Can add these to the recall also https://www.cpsc.gov/recalls/2017/extech-recalls-digital-clamp-meters

They sure look like greenlee to me


----------



## electricguy (Mar 22, 2007)

active1 said:


> Back in the day I had a fluke that cost about $300.
> Treated it like a baby. Kept it in the truck unless i needed it.
> Till one day it fell off a 6' ladder.
> Still got a real nice meter case.
> ...


I was trying to get my ideal clamp on onto a #4 conductor made the mistake of gently twisted the meter claws to get at the conductor , jaws don't close completely now


----------



## cabletie (Feb 12, 2011)

I guess we're all always on the quest for the perfect tool bag and meters. And like most things it's not how much you carry, but what you carry. There's always a trade off. 

I just bought the Fluke T+pro a while ago. I've barely used it but I'm just as happy with my Klein wiggie with continuity. 
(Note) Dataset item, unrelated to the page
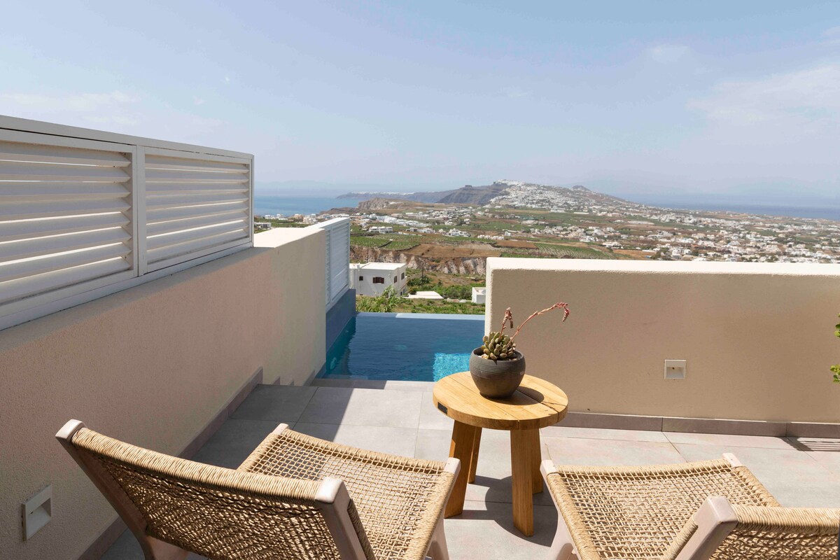 Розкішна вілла Santorini стане вашим приватним раєм на літо!Розташований у Pyrgos Kaliistis, прямо посеред острова, з нього відкриваються панорамні краєвиди та можливість перебувати там, де ви захочете, у найкоротші терміни! Він ідеально підходить для 2 дорослих! На віллі є 1 затишна спальня, 1 ванна кімната, повністю обладнана кухня з усією сучасною технікою, LED-телевізор. На відкритих майданчиках є приватний басейн (розміром 2 * 1,5 метри) з фантастичним видом на море та 2 сонячні крісла.

If I buy an all in one tester it has to have an ohm scale that goes to at least 47k ohms. The Fluke T5 1000 and the Fluke 325 both don't do that. The one that I bought years ago does. It is the Greenlee CM400D. It is also called a pen style tester. The clamp jaw attachment plugs in on the end. It really only reads volts and ohms. It reads amps on the volt scale. It has a 100:1 ratio so when it reads .03V it's 3 amps. .3 is 30A. So there is one of the trade offs. It does have an ohm scale to 32 meg ohms though. I can get by with this one tester, but still always carry a solonoid tester. 

Why can't another company come up with a simple tester that will go to 100K ohms?


----------



## MechanicalDVR (Dec 29, 2007)

I'd stick with Fluke, why buy anything less?


----------



## Axtman (Apr 1, 2017)

"If it works....it's a Fluke!"

I learned today (from Fluke tech services) that the difference between Fluke 324 and 324 Plus clamp meters is that Fluke 324 Plus meter is only sold through Lowe's stores and can measure DC current and up to 40K ohms.


----------



## cabletie (Feb 12, 2011)

Axtman said:


> "If it works....it's a Fluke!"
> 
> I learned today (from Fluke tech services) that the difference between Fluke 324 and 324 Plus clamp meters is that Fluke 324 Plus meter is only sold through Lowe's stores and can measure DC current and up to 40K ohms.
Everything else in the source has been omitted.